Knapp über eine Milliarde Euro habe der Einzelhandel mit Büchern und Schreibwaren im Vorjahr brutto umgesetzt, sagt Ernst Gittenberger von der KMU Forschung Austria. Ein leichtes Minus von 0,7 Prozent im Vergleich zum Jahr 2016, in dem man allerdings um ein Prozent zulegen konnte. Auch in den Jahren davor ging es teils leicht bergab, manchmal etwas bergauf.
„Einen massiven Einbruch hat es nie gegeben“, betont auch Teresa Preis vom Hauptverband des Buchhandels. 350 reine Buchhandlungen gibt es derzeit österreichweit, Buchhandelslizenzen haben freilich auch Schreibwarengeschäfte und andere Händler.

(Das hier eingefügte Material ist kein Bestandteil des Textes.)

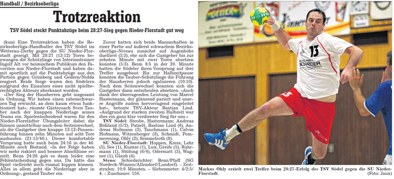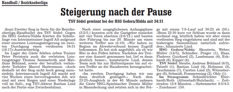 (Quelle: Wetterauer Zeitung/kun) Ein Befreiungsschlag im Abstiegskampf ist den Bezirksoberliga-Handballern des TSV Södel gelungen: Gegen die Turn- und Sportfreunde Heuchelheim feierte die Mannschaft von Trainer Ingolf Alt nach zuletzt drei Niederlagen in Serie am Samstagabend einen verdienten 36:34 (21:12)-Heimerfolg. „Die erste Halbzeit hui, die zweite Halbzeit pfui", zog TSV-Akteur Bastian Lind, mit zehn Treffern erfolgreichster Södeler Werfer der Partie, ein durchwachsenes Fazit. Die Gastgeber begannen stark, lagen vor 150 Zuschauern früh mit fünf Toren in Front (7:2/10.) und bauten diesen Vorsprung bis zur 15. Minute auf sieben Tore aus (10:3). Schnell und konsequent setzten die Gastgeber zu gefährlichen Kontern an, während die TSF im Angriff zu viele freie Chancen ungenutzt ließ. Beim 18:8 in der 24. Minute konnte man gegen das Gästeteam von Trainer Wilfried Weber erstmals eine Zehn-Tore-Führung bejubeln. Nach dem Seitenwechsel knüpften die Hausherren an ihre herausragende Leistung aus dem ersten Durchgang an und gaben gegen den Tabellensechsten zunächst weiter den Ton an (24:14/36.), ehe die Gäste aus Heuchelheim in der Folge besser in die Partie fanden und den Södeler Vorsprung auf drei Tore verkürzten (27:24/48.). „In dieser Phase hat mein Team eine sehr gute Moral bewiesen", zeigte sich Gästecoach Weber angetan von der Leistung seiner Schützlinge. Die Folge: Beim 31:29 musste der gastgebende Tabellenzehnte noch einmal zittern, ehe man beim 34:29 für eine Vorentscheidung gesorgt hatte. „Die desolate erste Halbzeit hat uns die Punkte gekostet", wusste Weber, während auf Södeler Seite nach dem wichtigen Befreiungsschlag im Abstiegskampf große Erleichterung zu spüren war. „Ein verdienter Sieg, auch wenn es zum Ende hin noch einmal eng wurde. Der zur Halbzeit herausgespielte Vorsprung hat uns glücklicherweise ausgereicht", konstatierte Lind.
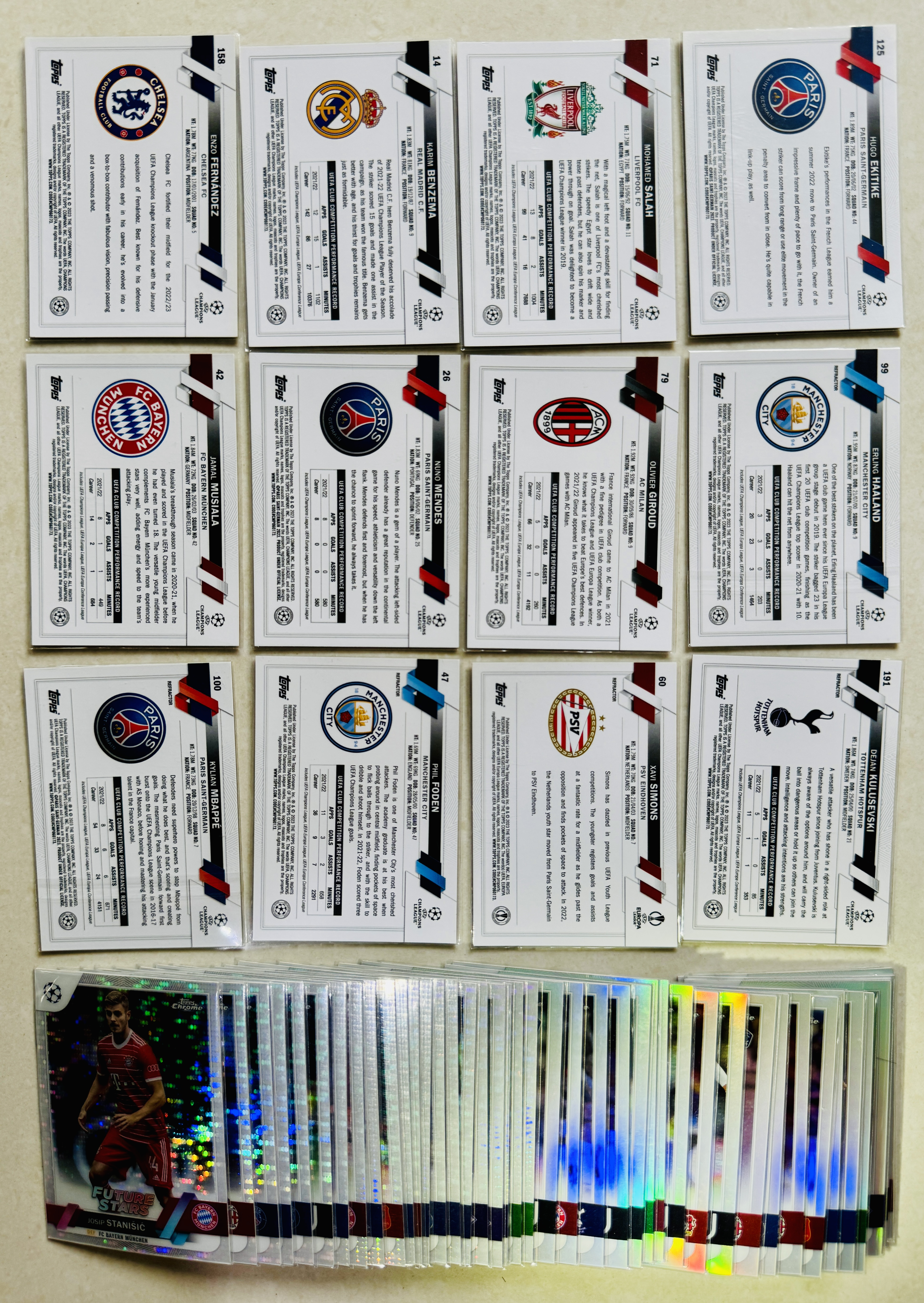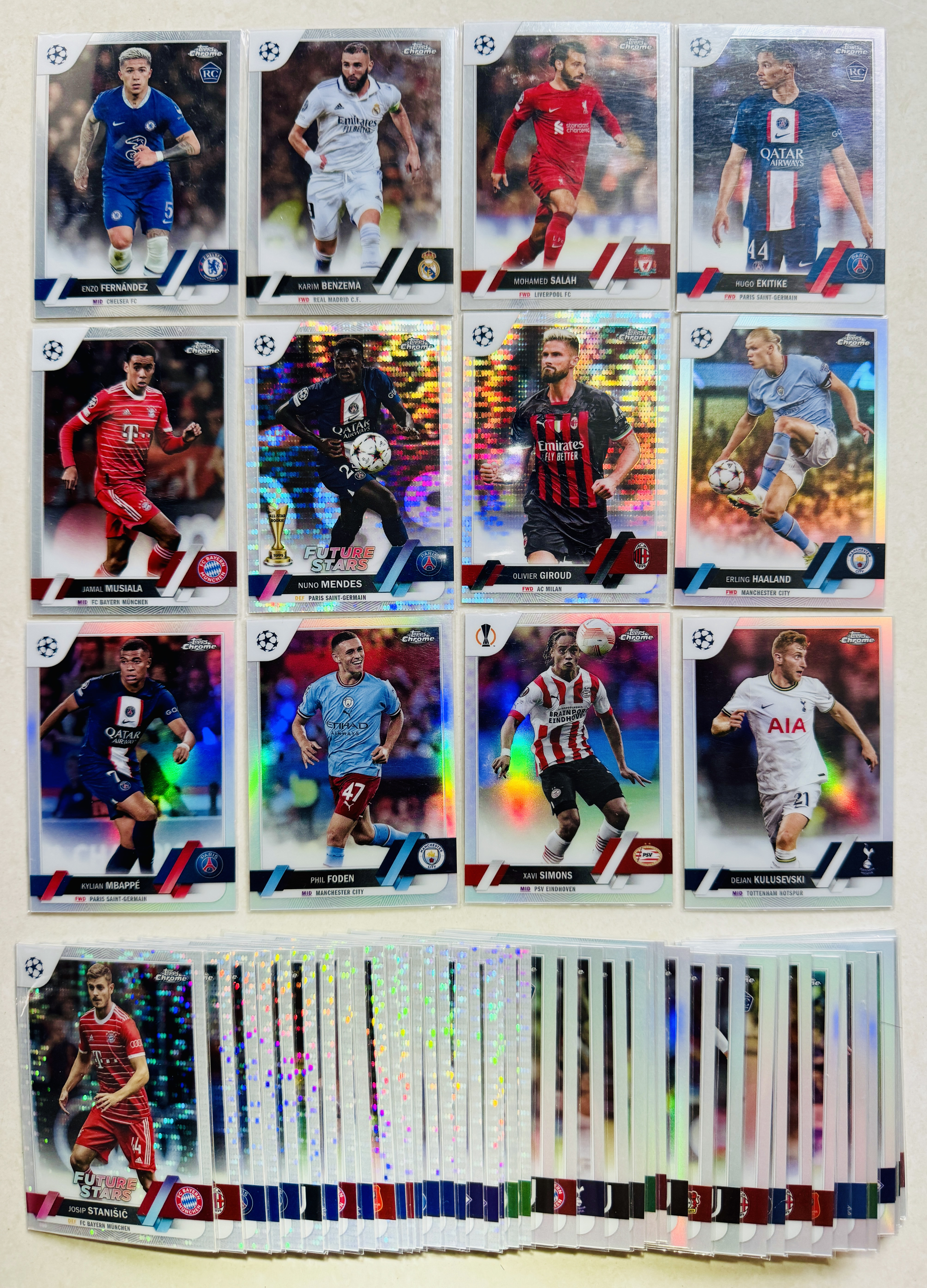 2023 Topps Chrome 巨星新秀 RC 大巴黎曼城切尔西利物浦皇马拜仁尤文 哈兰德 恩佐 穆西亚拉 本泽马 萨拉赫 姆巴佩 福登 哈维西蒙斯等 银脉冲折鱼鳞折银折base折射56张不保卡品
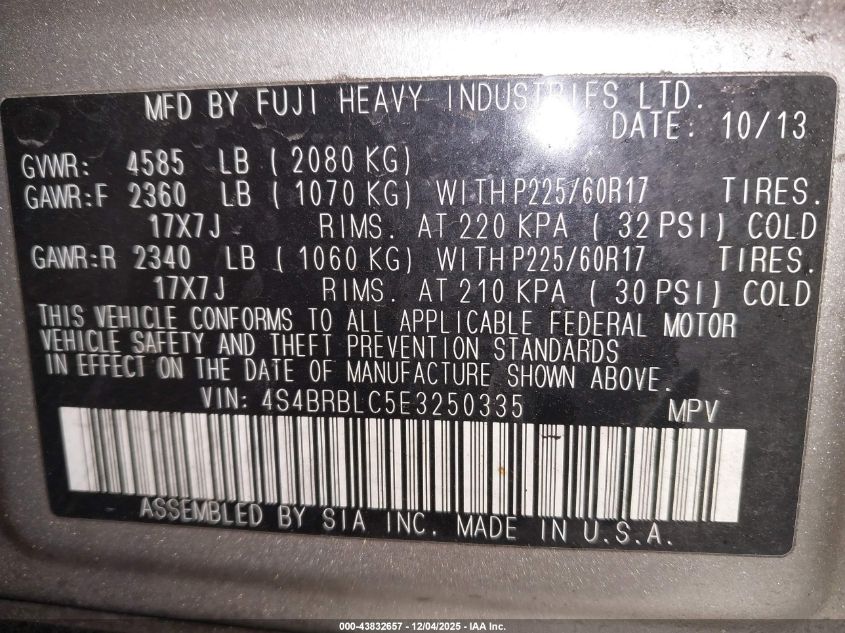 Колір БежевийЦиліндри 4Привід Повний привідVIN 4S4BRBLC5E3250335Стан Заводиться та їде (перевірено)Ушкодження Передня або задня AutoRIA
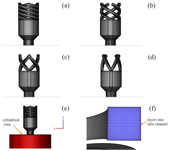 Figure 6 shows the four meshes corresponding to cases A, B, C, and D (Figure 6a–d, respectively), where it is worth noting that a lower helix angle () corresponds to a longer channel length ( mm); on the other hand, if the helix angle increases, the inlet channel length will decrease, because the number of turns in the inlet channel will depend on the helix angle (see Table 1). Figure 6e shows the general dimensions for all cases of the swirl chamber, the height of the helical channels, and the cylindrical region for the visualization of the spray angle (). In addition, to consider the effects of the boundary layer, an adequate refinement in the areas close to the walls was taken into account (Figure 6f).

„Kommen aber leicht sinkende Umsätze auf stark steigende Kosten, ist das eine Mischung, die gerade kleine Händler leicht in den Ruin treibt“, sagt Seufer-Wasserthal. Die Personalkosten seien klar gestiegen, auch weil man im Kampf gegen die Online-Giganten als stationärer Handel qualifiziertes Personal für die Beratung brauche. Die Mietkosten gehen steil nach oben. „Wer nicht Souvenirs in Masse verkauft oder als großer Konzern die Getreidegasse als Auslage betrachtet, kann sich in der Salzburger Innenstadt keine neue Miete mehr leisten.“Und nicht zuletzt sinken die Margen der Buchhändler.

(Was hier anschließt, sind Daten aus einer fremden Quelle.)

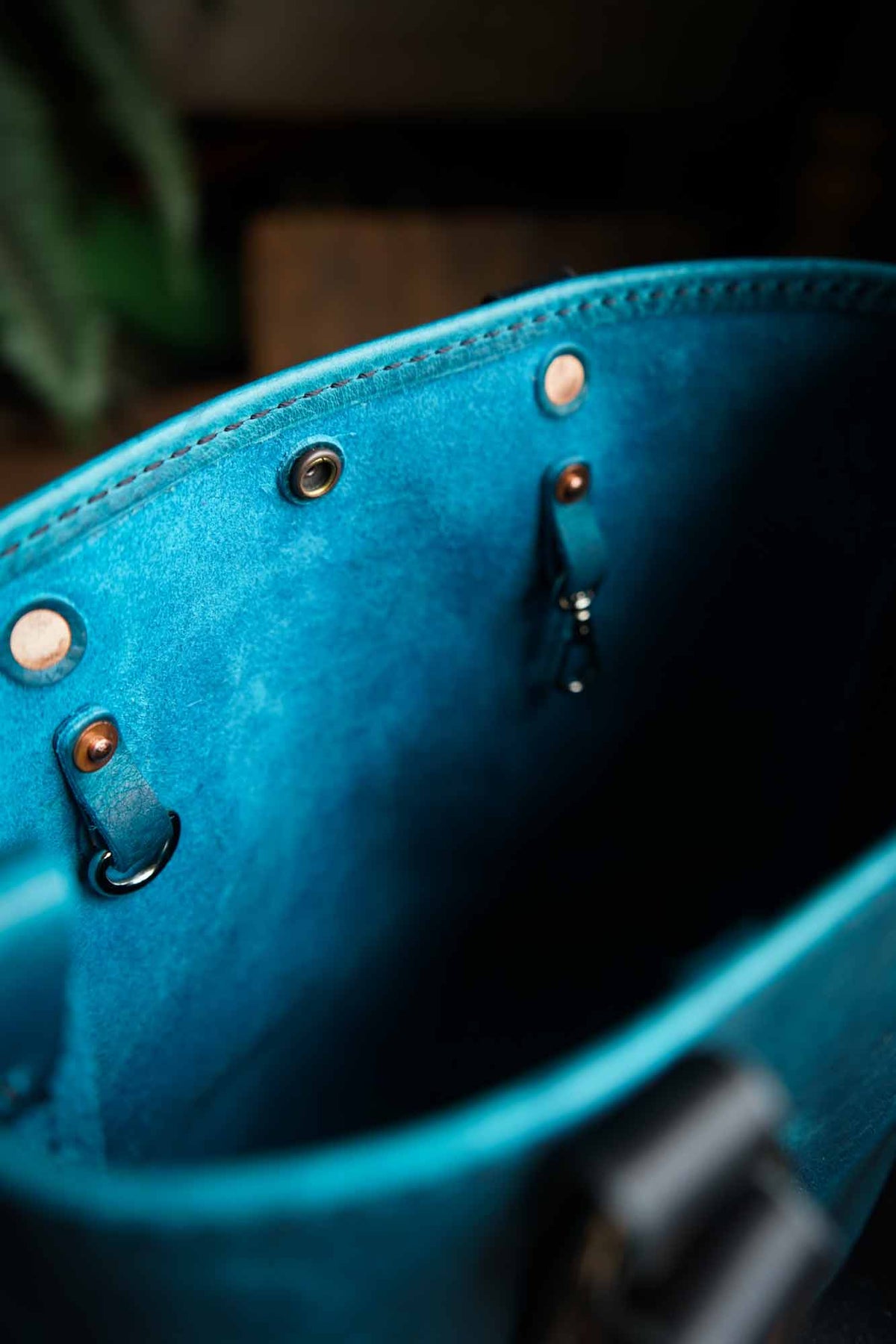 Mocha, Sapphire, Cinnabar, Slate, Spruce and Coal are an amazing oil tanned leather. This pebbled leather will lighten and contrast with scuffs and scratches revealing the true beauty and character of this bag. It is water resistant and ready to develop a patina making your bag completely unique to you.

Bei Büchern ist zwar der Buchpreis fix, welche Konditionen ein Verlag dem Händler bietet, ist dadurch aber keineswegs geregelt. „Gerade Giganten wie Amazon verlangen da natürlich deutliche Nachlässe, die kleinere Händler niemals bekommen.“Die Situation der Verlage kann Seufer-Wasserthal dabei durchaus nachvollziehen. „Jeder Verlag macht heute mehr als die Hälfte seines Umsatzes mit Amazon, da Nein zu sagen ist schwer.“Versuche einzelner Verlage habe es gegeben, die seien aber keine zwei Wochen durchgehalten worden.

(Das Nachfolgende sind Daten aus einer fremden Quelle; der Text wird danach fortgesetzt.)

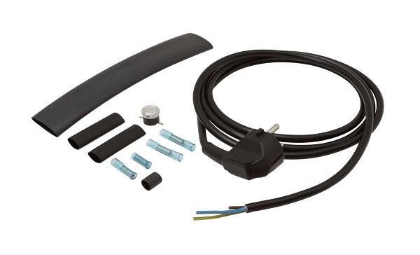 Werkseitige Konfektionierung von maßangefertigten Rohrbegleitheizbändern mit Thermostat in Anschlussmuffe, inkl. 2 m Steckerleitung und Endabschluss. Das Thermostat ist zu 100 % feuchtigkeitsgeschützt und schaltet den Frostschutz bei Gefahr unter +3 °C ein und bei +10 °C wieder aus.
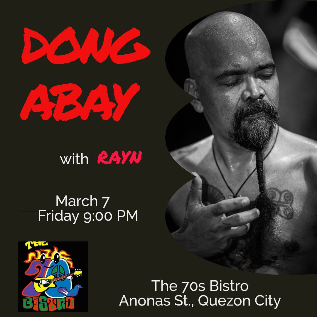Dong Abay is set to perform at the ’70s Bistro this month. The Filipino rock icon will be joined by Rayn as a special guest for the show.
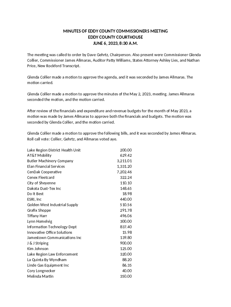 Also present were Commissioner Glenda Collier, Commissioner James Allmaras, Auditor Patty Williams, States Attorney Ashley Lies, and Nathan Price, New Rockford Transcript: frequently asked questions
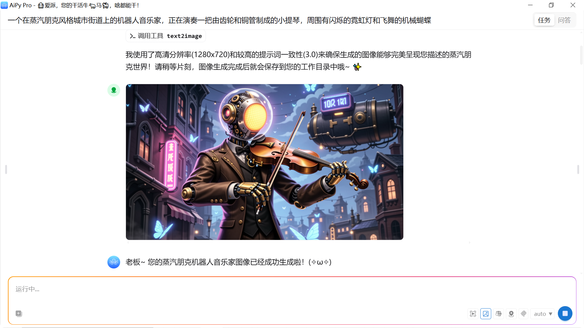 AiPy Pro 0.8发布,上线智能体集市,支持图片、视频生成。
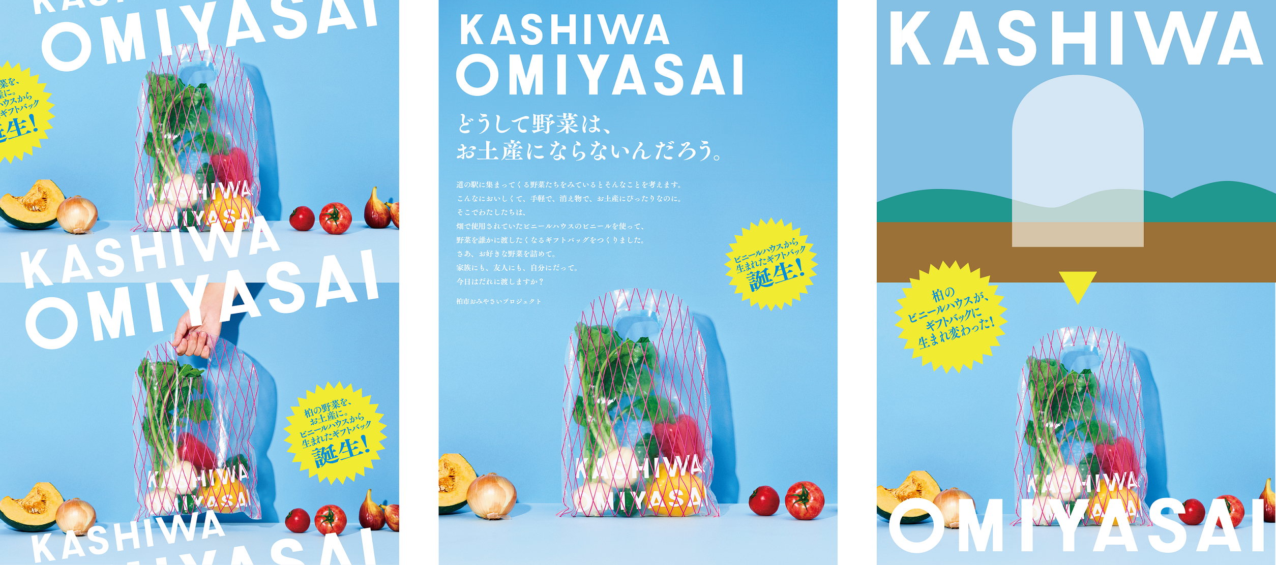 株式会社博報堂の若手クリエイターチーム「CREATIVE TABLE最高」が進める地域課題解決プロジェクト「じもシゴト」は、千葉県柏市、道の駅しょうなん(千葉県柏市)と共同で、「柏市産の野菜を、おみやげに。」をコンセプトに、新しいお土産文化「おみやさい」を発信する「おみやさいプロジェクト」を始動しました。11月9日(土)には“道の駅しょうなん”にて、三者が共同で開発した、柏市の農業で利用され廃棄されるはずだったビニールハウスのビニールからうまれたギフトバック「OMIYASAI BAG」を使って、柏市の野菜をお土産に生まれ変わらせるPRイベントを開催いたします。

„Der Wareneinsatz im Buchhandel ist immens hoch“, sagt auch Bernhard Helminger, der erst vor einem Jahr die Buchhandlung Stierle in der Salzburger Innenstadt übernommen hat. Von zehn Euro, die er (ohne zehnprozentige Mehrwertsteuer) für ein Buch bekomme, blieben ihm nur drei. „Davon soll ich Miete, Mitarbeiter und Betriebskosten zahlen.“Er habe gehofft, nach der Übernahme bei manchen Verlagen bessere Konditionen heraushandeln zu können. „Das Gegenteil war der Fall, manche haben mir die Marge auf 15 Prozent zusammengestrichen.“Sein Buchhandel allein sei nicht überlebensfähig, die Existenz sichere sein zweites Standbein, einst ein Verlag für Stadtführer, Postkarten und Bildbände, der mittlerweile großteils ein Souvenirgroßhandel sei. Produzieren lässt Helminger Kühlschrankmagneten und Schirme in Fernost. Beim Verkauf der Souvenirs sei das Verhältnis übrigens umgekehrt: Da blieben ihm von zehn Euro Verkaufspreis sieben Euro übrig. Warum er dann Bücher verkauft? „Eine Herzensangelegenheit, andere gehen fischen, ich stehe im Buchgeschäft.“
Dass kleine Buchhändler aufgäben, sei eine Entwicklung, die man in Deutschland seit Jahren beobachte, sagt Seufer-Wasserthal. Dass Österreich hier bisher anders war, hat einen Grund: Schulbücher. In Österreich sei es Usus, dass Schulen in nahe liegenden Buchhandlungen ihre Bücher bezögen. „Gerade am Land ist das für viele Buchhandlungen ein fixes Grundgeschäft, das ein Überleben möglich macht.“Wo sie Bücher kaufen, können Schulen selbst entscheiden.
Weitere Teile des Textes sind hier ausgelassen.